このガイドライン検討会では平成25年度までのデータを参照しており、昨年4月の診療報酬改定の影響を示す平成26年度のデータは反映されていない。平成26年度のデータは、医療経済実態調査の結果が今年5~6月ごろに出るので、その結果によってガイドラインの詳細は影響されてくるだろうと思っている。
 

■ 地方創生優先政策への協力

 安倍内閣は地方創生を優先していくということで、大変ありがたい政策であると思っている。しかし残念ながら、地域医療介護総合確保基金(基金)の交付状況については、過疎地への対応という面で疑問がある。医療や介護サービスのない地域に人は住めない。「地方創生」ということは、過疎地においても継続して医療・介護サービスがあることが条件になる。

 民間企業はニーズが少ない地域にはなかなか出ていかないので、過疎地に補助金を出して、医療・介護サービスの継続性を図るために基金が使われるものであると思っていたが、残念ながらそういう多様な基金の使い方がほとんどなかった。われわれは大変失望している。

 東京のような都会では介護報酬が高い傾向にあるが、これはおかしいのではないかと思っている。過疎地に行けば行くほど、1人のヘルパーが対応できる患者さんの数が少なくなる。過疎地では、都会の3分の1程度ではないか。とすると、ヘルパーさんの収入は都会の3分の1になるので、そういう地域では働き続けられない。都市部にどんどん移動していく。すなわち、給料を多く出さないと過疎地には来てくれない。

 現在、残念ながらそういう方向に進んでいる。医療・介護サービスのない所に人は住めないことを考えると、今回の介護報酬改定の方針をはじめ、病床を機能別に削減していく方向性は、地方創生に逆行するのではないか。取り越し苦労かもしれないが、そういう心配をしている。生まれ育った地域で最期を迎えることができるようにサポートするのが、われわれ慢性期医療に携わる者として当然のことである。そのような方向に逆行するような医療・介護の政策というものに対して、杞憂かもしれないが心配している。

 本日、皆さんにお伝えしたいことは以上だが、当協会の池端副会長端から今後の入院医療の方針等について一言述べさせていただく。池端副会長は、厚生労働省の「入院医療等の調査・評価分科会」の委員を務めている。
 

■ 今後の入院医療の方向性
 
[池端副会長]
池端幸彦副会長20150312 「入院医療等の調査・評価分科会」は4月末に再開されると聞いている。横断調査の結果などを踏まえて議論を進めていくと思われるが、会長から先ほどお話があったように、地域医療構想策定ガイドラインの検討会での議論が先行して進んでいる。

 私の福井県でも、地域医療構想調整会議の今後が焦点となっている。地域によっては、調整会議のメンバーが慢性期医療に精通している方々ではない場合もあり得る。
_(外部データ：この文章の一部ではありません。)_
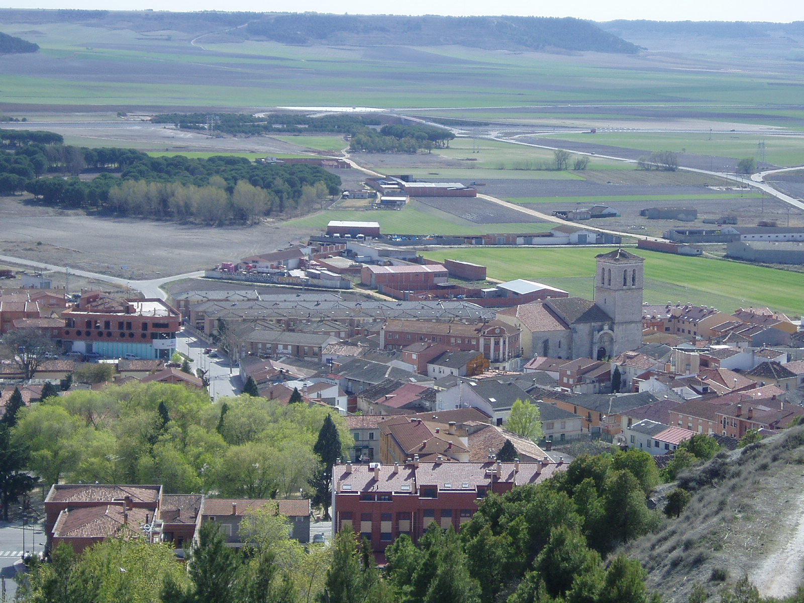 View of Arrabal de Portillo, second district of the village of Portillo (Valladolid).
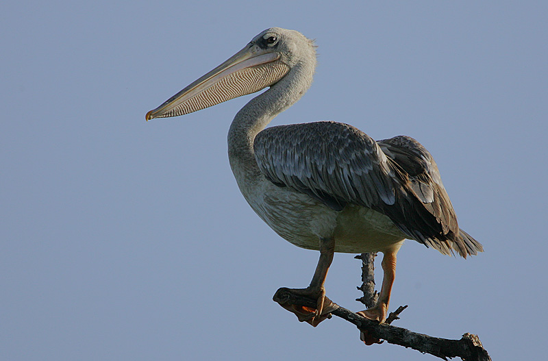 A bird perched on a Red Mangrove tree near Tendaba.
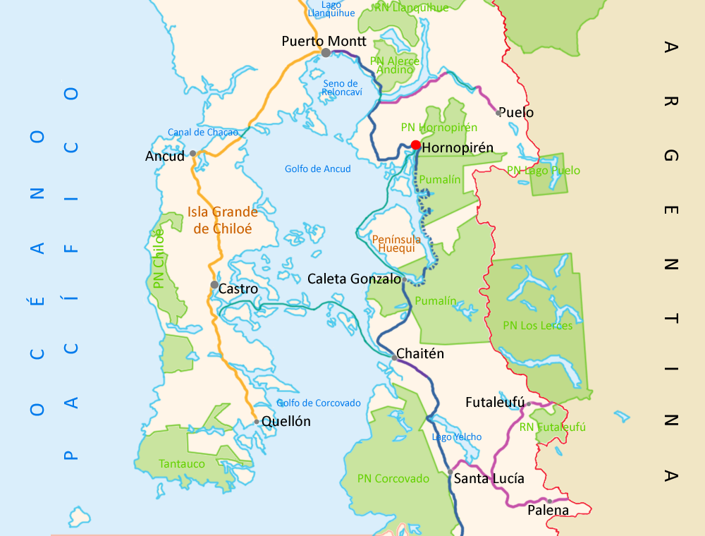 Location of Hornopirén. Made by me and based on Image:Carretera Austral.png made by User:B1mbo

今後、日慢協としてどのように対応していくか、先ほどの理事会でも話題になった。

 当協会では、各都道府県に支部を設置しているので、支部を通じて県や地区医師会などに働きかけ、あるいは議員さんにもお願いしながら、慢性期医療を守っていきたい。「良質な慢性期医療がなければ日本の医療は成り立たない」との方針の下、慢性期医療の重要性や必要性を踏まえた地域医療構想になるよう取り組んでいく。

 われわれは決して、自分たちの病院さえよければいいという考え方ではない。今後、日本の医療をどうしていくかを考え、財源が不足している中で、本当に必要な所に必要な財源を投入しながら国を守っていく立場から考えていきたい。
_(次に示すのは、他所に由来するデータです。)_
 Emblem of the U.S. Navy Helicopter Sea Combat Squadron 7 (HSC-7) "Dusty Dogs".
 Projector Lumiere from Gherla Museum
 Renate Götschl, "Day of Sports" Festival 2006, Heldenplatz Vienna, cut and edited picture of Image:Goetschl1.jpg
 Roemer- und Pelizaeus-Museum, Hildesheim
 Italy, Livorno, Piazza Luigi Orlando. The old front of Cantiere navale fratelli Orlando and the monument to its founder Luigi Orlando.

 リハビリテーションの在り方についても、出来高払いから脱却し、アウトカムを重視したものにしていかなければいけない。会見前に開かれた先ほどの理事会では報告事項を後回しにして、リハビリをめぐる問題などについて熱心な議論が行われた。そうした議論の中で固まった内容を先ほど会長がお話しした。

 どちらが勝った、負けたということではなく、日本の医療をどうしていくべきかを真摯に考え、他の病院団体などともしっかり議論しながら、本当に良いものを目指していかなければいけないと思っている。そういう考えで、入院分科会での議論に臨んでいきたい。以上で、われわれからの説明を終わりたい。ありがとうございました。